La alquimia nació en Egipto, de donde pasó a Grecia, y de ésta a Roma en tiempo del Imperio, desparramándose por toda Europa. Los árabes la tomaron de los griegos con el propósito de descubrir el elixir para conservar la juventud, realizando para ello infinidad de operaciones químicas y mezclas de substancias de todo linaje. Durante la Edad Media la alquimia tuvo un gran desarrollo, pero las prácticas empleadas en aquella época diferían muy poco de las usadas antiguamente por los egipcios y los griegos. En el siglo XIII hubo cuatro grandes alquimistas: Alberto Magno, alemán; Rogerio Bacon, inglés; y los españoles Ramón Llull y Arnaldo de Vilanova. En el siglo XV alcanzó su mayor apogeo (el inglés Jorge Ripley, el alemán Basilio Valentín, el escritor jurado de la Universidad de París Nicolás Flamel, el holandés Isaac y el español Enrique Villena. A pesar de todos los esfuerzos no lograron encontrar la piedra filosofal, ni el tal deseado elixir; pero pusieron las bases de la química moderna.
(38) El Islam ortodoxo prohibe las representaciones pictóricas o escultóricas de escenas religiosas. Únicamente los shiitas las permiten.
(39) Tercera dinastía de califas fundada en el año 750 —descendiente de Abbãs, tío de Mahoma— que puso fin a los omeyas y establecieron la capital en Bagdad. Se convirtió en uno de los principales centros de la civilización mundial (786-809) pero a partir del siglo IX, el califato se vio sacudido por sublevaciones y dificultades internas que, poco a poco, fue minando el régimen. En el año 836, la capital pasó a Sãmarrã. En el siglo XI, los turcos selyúcidas (pueblo de los uguz) se hicieron con el poder real, y los abasíes pasaron a desempeñar únicamente el papel de líderes religiosos.
(40) Pueblo que ocupa la parte septentrional y sahariana africana. Se constituyeron muy pronto en tribus independientes, unificadas durante algún tiempo (200 a. J.C.). Bajo la influencia musulmana se convirtieron al Islam (siglo VIII) pero conservaron su espíritu de independencia, sublevándose muchas veces contra las dinastías árabes. Del siglo XI al XV los bereberes fundaron incluso su propio imperio.

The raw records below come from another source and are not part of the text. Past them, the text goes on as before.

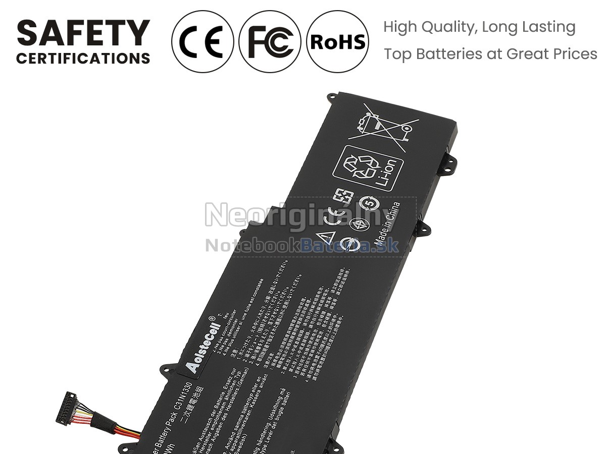 Každá z našich batérií pre notebooky Asus C31N1330 prešla certifikátmi EVPU, CE, GS, RoHS, ISO9001:2015 a ďalšími. Okrem toho, že sú plne kompatibilné, majú tiež inteligentné ochranné opatrenia proti preťaženiu, nadmernému vypúšťaniu a prehrievaniu kvôli väčšej bezpečnosti. Okrem toho je každá náhradná batérie Asus C31N1330 pred odchodom z továrne podrobená sérii testov. Na predaj sú povolené iba výrobky, ktoré spĺňajú špecifikácie.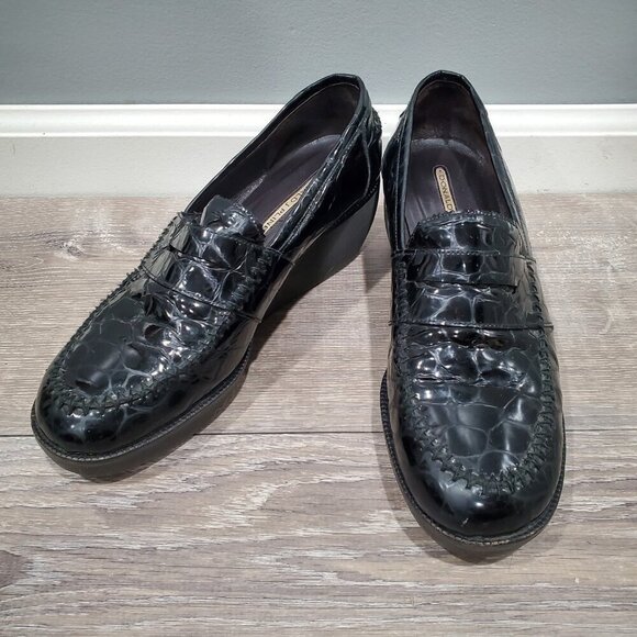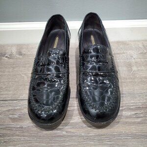Donald J Pliner Nia2 Black Patent Leather Crocodile Print Wedge Loafer Shoe 8.5M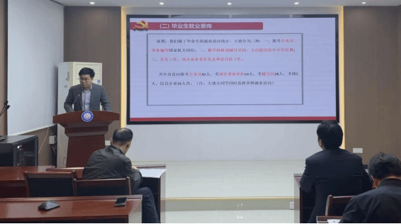 学院研究生事情办公室主任蔡明广首先汇报了学院结业生的基本信息及就业去向。2024届的87名应届结业生的就业意向主要分为三类:一是报考公务员或事业单位;二是进入教育或科研领域,包括思政课西席和向导员职位;三是加入企业党务及理论宣传事情。蔡明广还详细剖析了目今高校的就业形势和现在结业生的就业情形,并从就业事情的目的、战略、增强就业教育和步队建设等方面举行了详细汇报。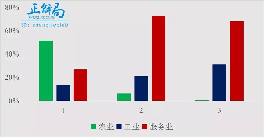在我們的認知里,一二三產業(yè)(簡單對應農業(yè)、工業(yè)、服務業(yè)),越發(fā)達所占比重相應越來越高。我們能確定國家1是尼泊爾,但是國家2、3呢?
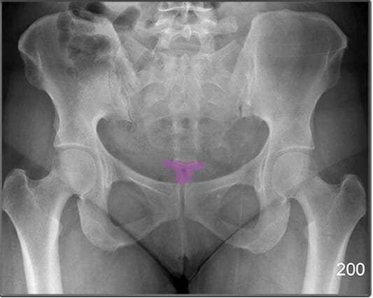 | 🔴 AP view에서는 짧고 좁은 골 구조로 보이며, 미골 통증(coccydynia)이나 외상 평가 시 주요하게 봐야 합니다. |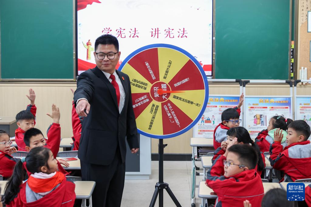 12月3日,在浙江省湖州市德清縣雷甸鎮(zhèn)中心小學,德清縣人民法院雷甸人民法庭工作人員通過知識大轉(zhuǎn)盤為學生普及憲法知識。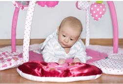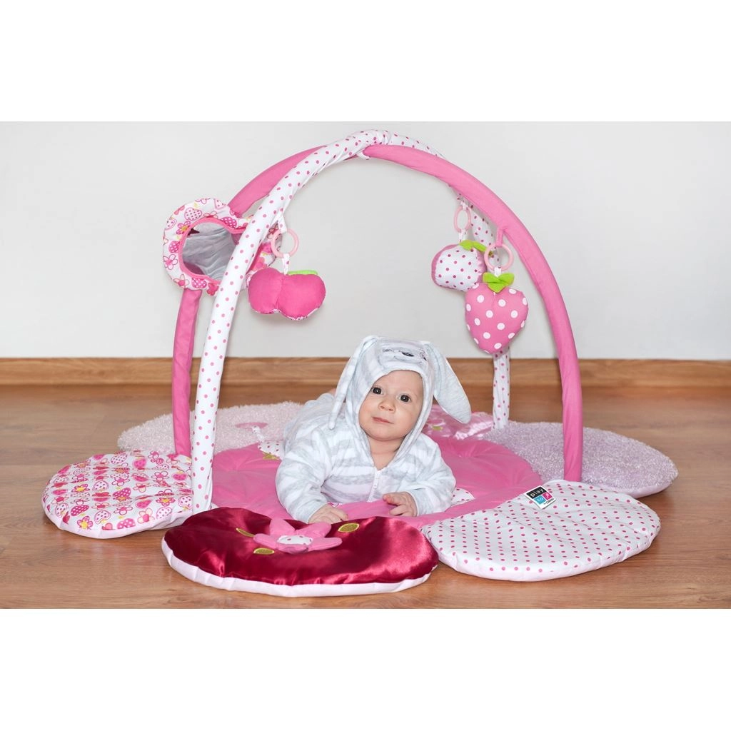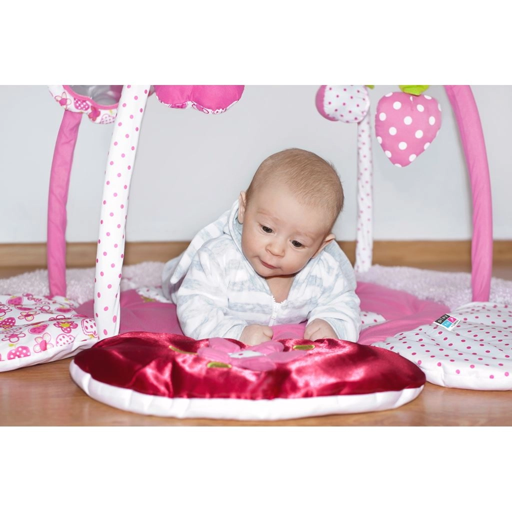 Ta stilska igralna podloga v obliki rožice ustvari za dojenčka prijeten in varen kotiček za igro in počitek. Mehko oblazinjenje zagotavlja udobje pri legi na trebuhu in na hrbtu, medtem ko odstranljiv lok s prikupnimi igračami motivira k dvigovanju glavice, raztezanju in prvim odkritjem.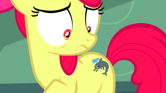 Yes, Apple Bloom. The precocious little filly who’s been spending the last several years desperate to lose her virginity– Uh, I mean, get her cutie mark, is now deathly afraid of it. Oh how times change…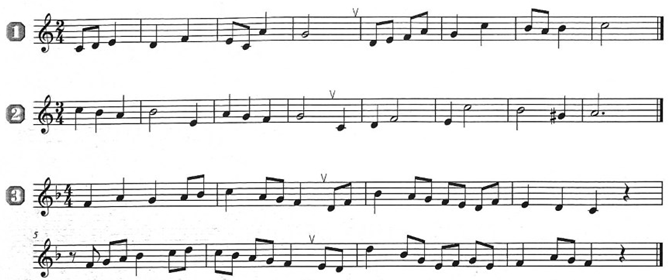 楽譜にあるように同じ音を2拍子と4拍子の表現で歌うというものになります。

(41) Los almorávides surgieron como seguidores de la doctrina de Ibn Yãsin. Su sucesor —Yusuf Ibn Tasfin— conquistó Marruecos y todo el norte de África. Llamado por los reyes de taifas acudió a la península Ibérica, derrotó a Alfonso VI en la batalla de Sagrajas (1086) y retornó a África. Posteriormente depuso a los reyes taifas y unió al-Andalus a su imperio, excepto Valencia y Zaragoza. El reinado de su hijo —‘Alï— se caracterizó por iniciales éxitos militares pero, después, fue vencido por Alfonso I el Batallador. Su sucesor fue desplazado de África por los almohades.
(42) Se asentaban, en un principio, en el Gran Atlas, invadieron el norte de Marruecos (1130-1163). La expansión almohade en España se inició en el año 1147, ocuparon Murcia, con posterioridad Sevilla. En 1195, derrotaron a Alfonso VIII en la batalla de Alarcos pero en las Navas de Tolosa sufren una gran derrota y se inicia la disgregación de su imperio. Los últimos núcleos levantinos y andaluces: Mallorca, Valencia, Córdoba, Sevilla pasaron a dominio cristiano con Jaime I el Conquistador y Fernando III el Santo.